Sea Bees

Embracing the bees aboard in the Sea of Cortez

September 16, 2014
Del Viento Eleanor bees
Eleanor was brave when there were only a few bees. There are no such pics of when there were several hundred here. Michael Robertson

They were the same bees that all the summertime Sea of Cortez veterans warned us about. We’d been told about or read about the bees at least a dozen times.

Yet, for some reason, as we headed north in to the Sea of Cortez to anchor off a few of the more than 200 islands, islets, and coastal areas identified as UNESCO World Heritage Sites, the idea of bees on our boat—lots of bees on our boat—seemed abstract. I mean, what’s that even like?

Apparently, the islands or unpopulated coastal areas of Baja have extensive resident bee populations. (Which blows my mind because, why? What’s there to pollinate? I guess cactus…and shrubs…and post-rain wildflowers. But the place just seems inhospitable to anything other than rattlesnakes and scorpions. Bees?) Apparently these insects are ravenously thirsty and will seek out the slightest bit of fresh water aboard yachts anchored a hundred yards from shore and who-knows-how-far from the hive.


Usually the bee warnings we got came with a favored approach for dealing with said bees.

“Kill the scouts, the first bees you see, kill them—kill, kill, kill! The others will never learn you are there.”

No, not going to kill bees.


Our summers-in-the-Sea veterans aboard Eyoni offered a more thoughtful approach, with a dash of bee psychology: “You see, bees are cleithrophobes, they have a real fear of being trapped. When you see any bees in your cabin, don’t shoo them, lock them in, close the companionway and ports and watch them. As soon as you see that they realize there is no exit, as soon as you see fear in their eyes, open everything back up and they’ll take off and not return. Works every time.”

Others insist it’s about the control of water. “You can’t have a drop aboard, not a drop. Make sure your boat is no more appealing than the dry, dusty desert they came from. If you wash your hands in the sink, follow with a salt water sink rinse, dry your hands completely, and then put the now-damp towel you used into a Ziploc bag—and hide it.”

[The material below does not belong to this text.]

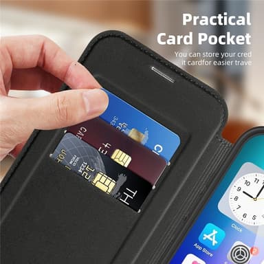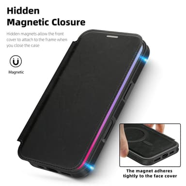 Tämä tyylikäs kuori tarjoaa erinomaista suojaa sisäänrakennetuilla magneeteilla. Saumaton MagSafe-yhteensopivuus mahdollistaa nopean langattoman latauksen joka kerta. Kuori on valmistettu kestävästä TPU:sta ja tyylikkäästä PU-nahasta. Kätevät korttipaikat mahtuvat helposti henkilökorttisi tai luottokorttisi. RFID-esto teknologia suojaa henkilötietosi luvattomalta skannaukselta. Korotetut reunat suojaavat näyttöä ja kameraa tehokkaasti.
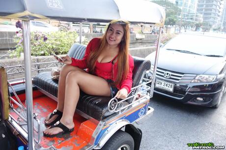Tuk Tuk Patrol: Hot Asian babe Damnee strips and bares her big booty and tits in a solo

Others insist it’s about providing the water the bees are after, but in a controlled way. “Put a sponge in a bowl of water and leave it on the bow, that’ll draw all the bees up there and away from you.”


None of this advice was reassuring, the sum of it left us all rather wondering what was in store for us, how bad would this be?

We were anchored in Puerto Ballandra, on Isla Carmen, near Loreto, when the bees found us. It was one, then two, then more and more and more, down below, invaders, hunting for water along every surface, all around us, the numbers increasing and increasing. “Sit down—carefully!—if you keep moving, you’re bound to step on one.” Windy cautioned the girls. Fortunately, all of us are pretty bug and insect savvy, we all kept our cool.

But it felt like a train robbery. One minute, everything is normal, the next we’re sitting still, at the mercy of these smart, stinging insects. Just do what they say and give them all your water.


I didn’t realize how much water we had down below. There was the glass of the stuff sitting on the table, buried in bees. There was the damp sponge sitting next to the sink, now a big, black bee rectangle. There was the drop hanging from the tap from which several bees nursed. There were more drops in the sink and a ring of moisture around the drain. There was water on the galley sole where one of the girls had dripped after washing her hands. Our cabin was a bee oasis and word spread quickly because they kept coming, hundreds and hundreds of bees sharing our small space.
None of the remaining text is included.